Brad Mehldau released a jazz album produced by Jon Brion entitled Largo. Toad the Wet Sprocket singer/songwriter Glen Phillips performs regularly and has recorded a live album Live at Largo at the club. Andy Prieboy developed his musical White Trash Wins Lotto at the club. The band Tenacious D largely got their start at Largo, which in turn launched the career of actor/comedian Jack Black. Dan Finnerty started The Dan Band at Largo, doing monthly shows there before his stints in Old School and Starsky & Hutch. The band Wild Colonials largely got their start at Largo with a successful Tuesday night residency that lasted nine months during 1992 and 1993. In 1993, at the height of the Los Angeles spoken word scene of that decade, Largo hosted several events featuring L.A. writers Viggo Mortensen, Scott Wannberg, Ellyn Maybe, S.A. Griffin, Tequila Mockingbird, and Linda Ravenswood. A five-track CD of Elliott Smith playing solo at Largo was released in October 2007, accompanying photographer Autumn de Wilde's book, Elliott Smith.
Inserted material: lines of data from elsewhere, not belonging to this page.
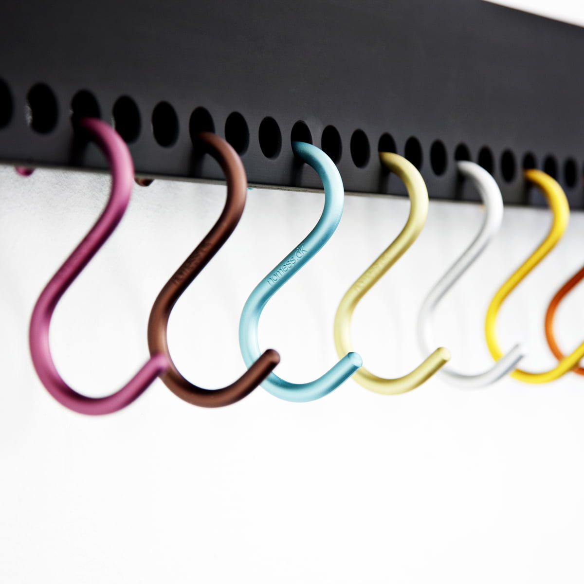 Comme son nom l'indique, le portemanteau mural So-Hooked de Nomess Copenhagen est une tringle sobre à laquelle les crochets en forme de S du portemanteau peuvent être accrochés. Nomess séduit de nouveau avec un objet design simple, fonctionnel et polyvalent.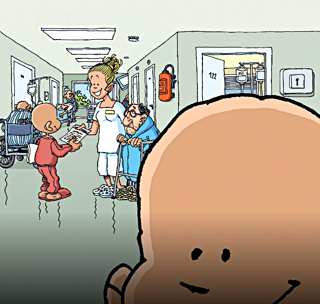 Wie das geht? Nun, während des Alltags von Glatzköpfchen, dem Hauptcharakter, besucht diese immer mal wieder andere Patienten, die meist in ihrem Alter sind. Und dabei erlebt sie eben die oben erwähnten Geschichten. So gibt es etwa einen Jungen, der “Fritte” heißt, weil er versucht hat, für seine Eltern Pommes zu machen. Aber auch andere Charaktere wie “90% Baumwolle“ tauchen auf. Dabei sieht man schon, dass die Protagonisten von Zita eigene Namen bekommen, die aber auch beim Leser gleich im Kopf hängen bleiben. Man merkt bereits an dieser Stelle, dass vor allem eines in diesen Comic geflossen ist: ganz viel Herzblut. Und wer sich davon und auch von den gut geschriebenen Charakteren nicht erweichen lässt, muss schon ein ganz harter Brocken sein.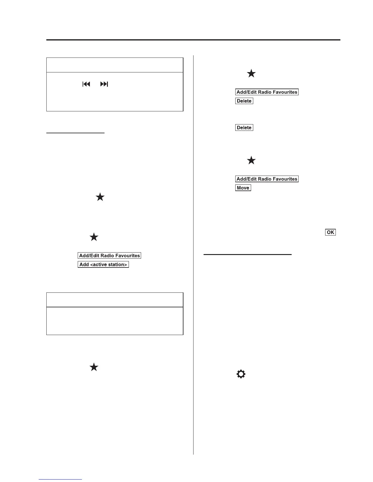 Selecting radio station from Favourites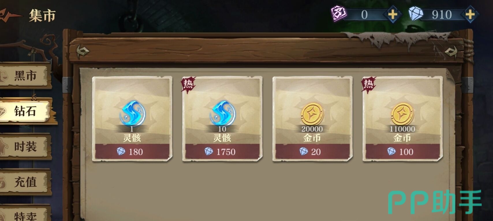 钻石在游戏中其实是一种流通用的货币,它的具体用处其实就是到游戏界面的右下角的【集市】中的“钻石”一栏进行购买物品,钻石可以购买到的物品有灵骸与金币,灵骸是一个发光的蓝色晶石,是在【幻妄之厅】进行缔结时所使用的材料,金币则是游戏中除了钻石之外,另一种流通的金币,玩家只要花费20颗钻石就能够购买到20000个金币。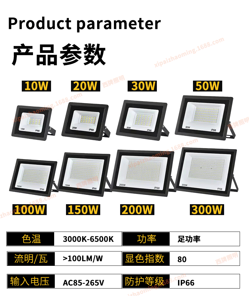 국경 주도 작은 사과 홍수 빛 초박형 100W 야외 방수 조명 투광 조명 정원 조명 프로젝션 조명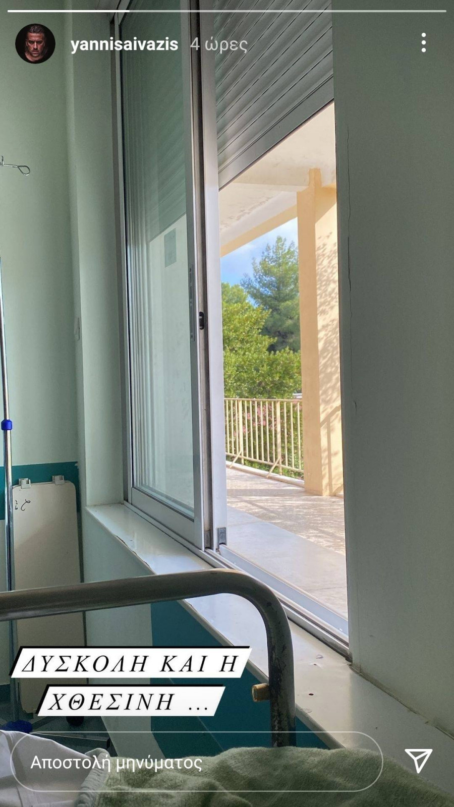 Ο ηθοποιός είναι καταβεβλημένος, ωστόσο θέλησε ενημερώσει τους διαδικτυακούς του φίλους για την κατάσταση της υγείας του. Ο Γιάννης Αϊβάζης ανέβασε στο Instagram μία φωτογραφία από το κρεβάτι του νοσοκομείου “Σωτηρία” και έγραψε: «Δύσκολη και η χθεσινή…».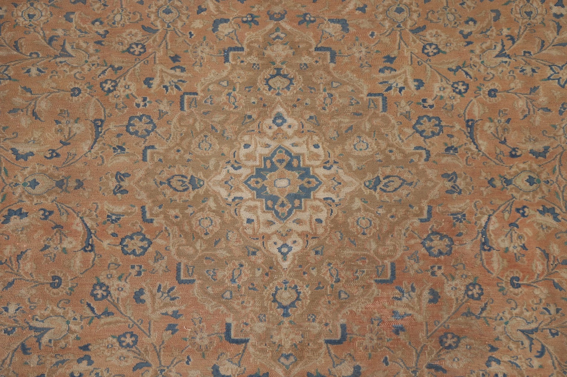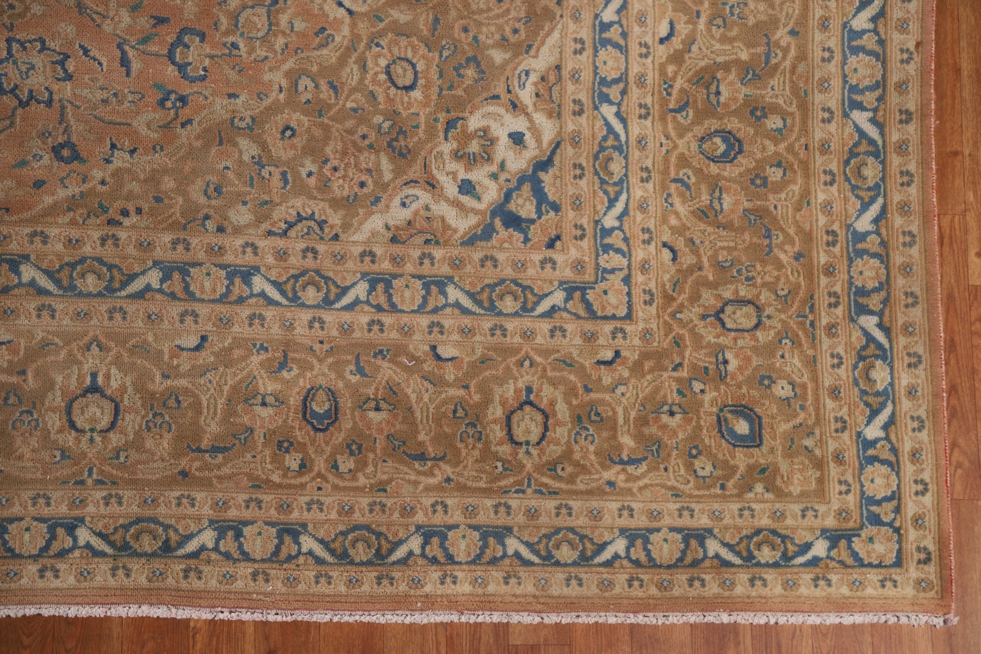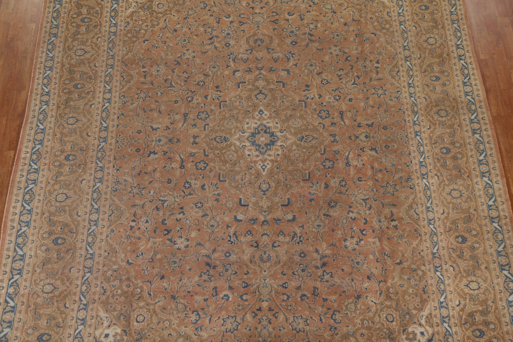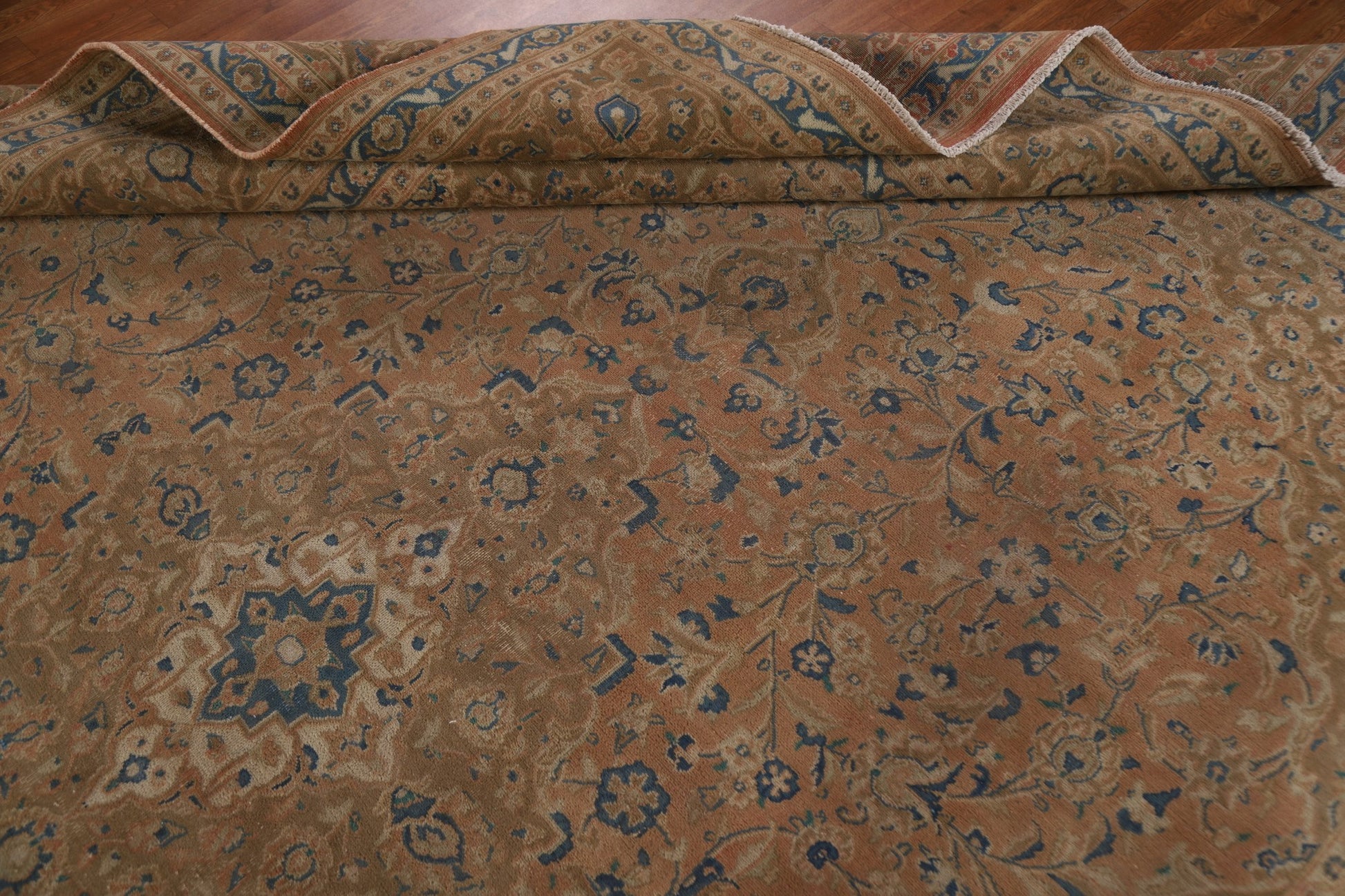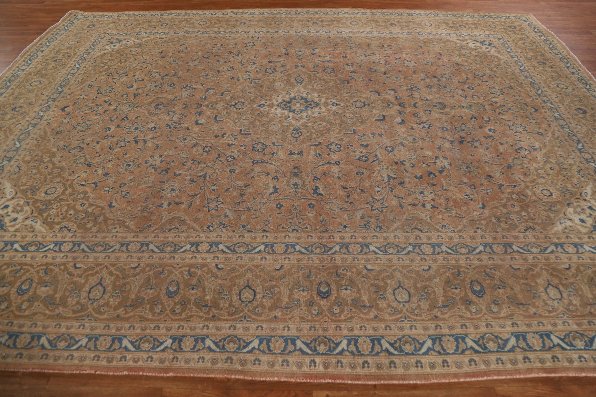 A Beautiful Genuine Persia ( Persia ) Mashad rug is Hand Knotted by skillful weavers in Persia ( Persia ) with 100% Wool Material. This rug is in Very Good (Evenly Low Pile) condition. dimensions are 12' 5'' X 9' 7'' in foot and 378 X 292 in centimeter. the primary color is Coral.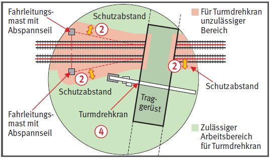 - Gefahr durch unbeabsichtigte Annäherung an die Fahrleitungsanlage durch Großgeräte, wie Turmdrehkran, Betonpumpe, prüfen und in Abstimmung mit dem Bahnbetreiber Schutzmaßnahmen festlegen. Wenn Gefahr besteht, dass der Schutzabstand unterschritten wird: Fahrleitungsanlage ausschalten lassen.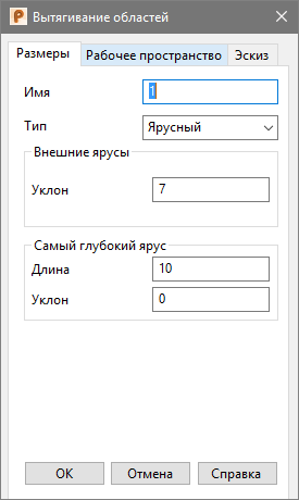 Опции во вкладке Размеры также доступны в процессе Вытягивания областей за исключением опции Имя. Введите Имя вытягивания (если необходимо). Вы также можете использовать имя по умолчанию, назначенное PowerShape.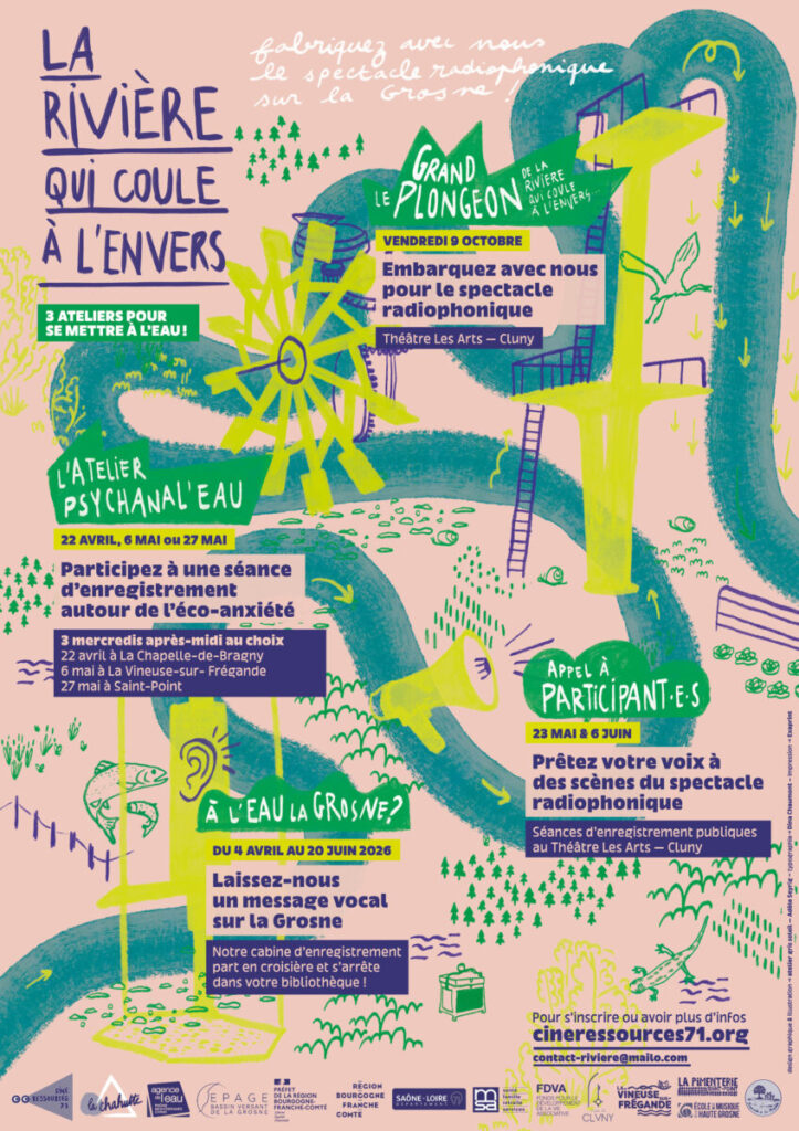 La Rivière qui coule à l’envers est un projet de création sonore participatif qui vise à faire le portrait de la rivière Grosne. Il est proposé par Christina Firmino et Julia Pinget, artistes intervenantes, en compagnonnage avec La Chahutte.

In 2012, comedian Tig Notaro performed a set after just being diagnosed with cancer. She did not intend to release the audio at first, but later, the album Live was nominated for the Grammy Award for Best Comedy Album at the 56th Annual Grammy Awards.

Sarah Silverman taped her 2013 HBO stand-up special, We Are Miracles at the Largo, before an audience of 39.

In 2020, during the COVID-19 pandemic and the associated lockdown, US comedian Conan O'Brien relocated Conan, his TBS late-night talk show, to the Largo, following several months broadcasting from his home.

==Relocation==
On June 2, 2008, Flanagan closed the club and moved to the Coronet Theatre on La Cienega Boulevard, renaming it Largo at the Coronet. Jon Brion continues his monthly residency, performing on Friday, usually near the end of each month. He has also begun to incorporate video samples of musicians into his musical performances.